As in many processes in nature, timing is important. The female reproductive part of a flower is receptive to pollen only at certain times of the year. Creatures like insects and birds, which move from flower to flower in search of food, are a fast and often guaranteed way for plants to distribute their pollen.
Both the male and the female reproductive parts of a plant are in the center of the flower. The male, pollen-producing part is called the anther, held aloft by a stalk called a filament. The entire male apparatus is called a stamen. Each pollen grain is unique to its species. The female reproductive part of a plant, the stigma, sits on top of a style, or stalk, which leads to an ovary at the base. The entire female plant mechanism is called a pistil.

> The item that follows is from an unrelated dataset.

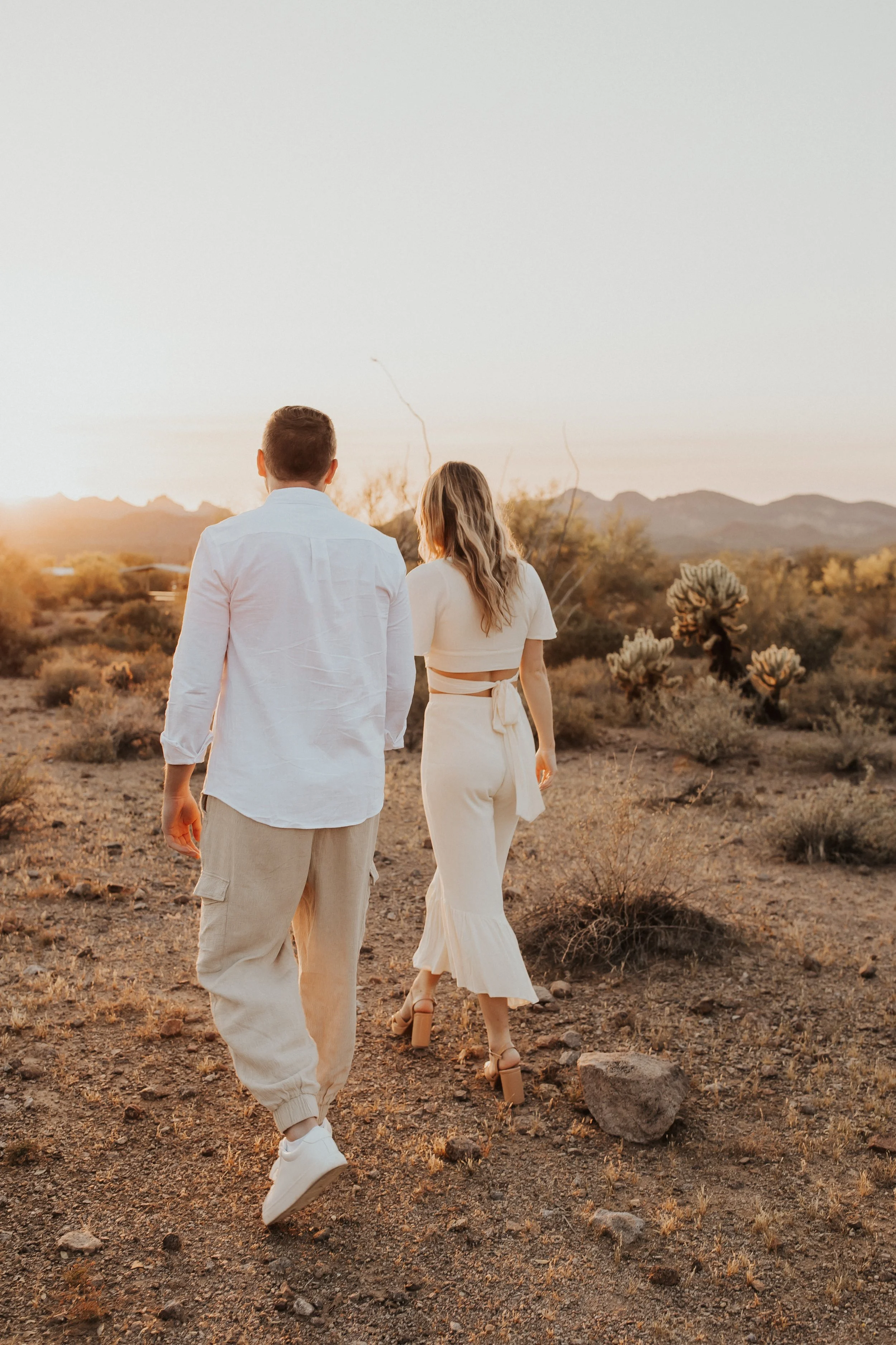 I traveled to Scottsdale, Arizona for my best friends bachelorette party and we KNEW that we needed to squeeze in a desert photoshoot while we were out there. Two best friends that are photographersβ¦ itβs a given right!? We found Dana and Brenden on Instagram and styled them for a bridal/ engagement photoshoot look.

How does the process of plant pollination by animals work? A pollinator (such as a bee, bird, bat, or butterfly) in search of food visits a plant. The plant has secreted nectar, a concentrated food source, from special glands and tucked it away in its blossom. While crawling around the blossom looking for nectar, the pollinator rubs against the pollen, which becomes attached to different parts of the pollinator's body. When the pollinator visits another blossom, it transfers the pollen grains from its body onto a strategically placed stigma. After it reaches the stigma, the pollen grain grows a tiny pollen tube down the style and into an egg-filled ovary. Eventually, the pollen and the egg form a seed.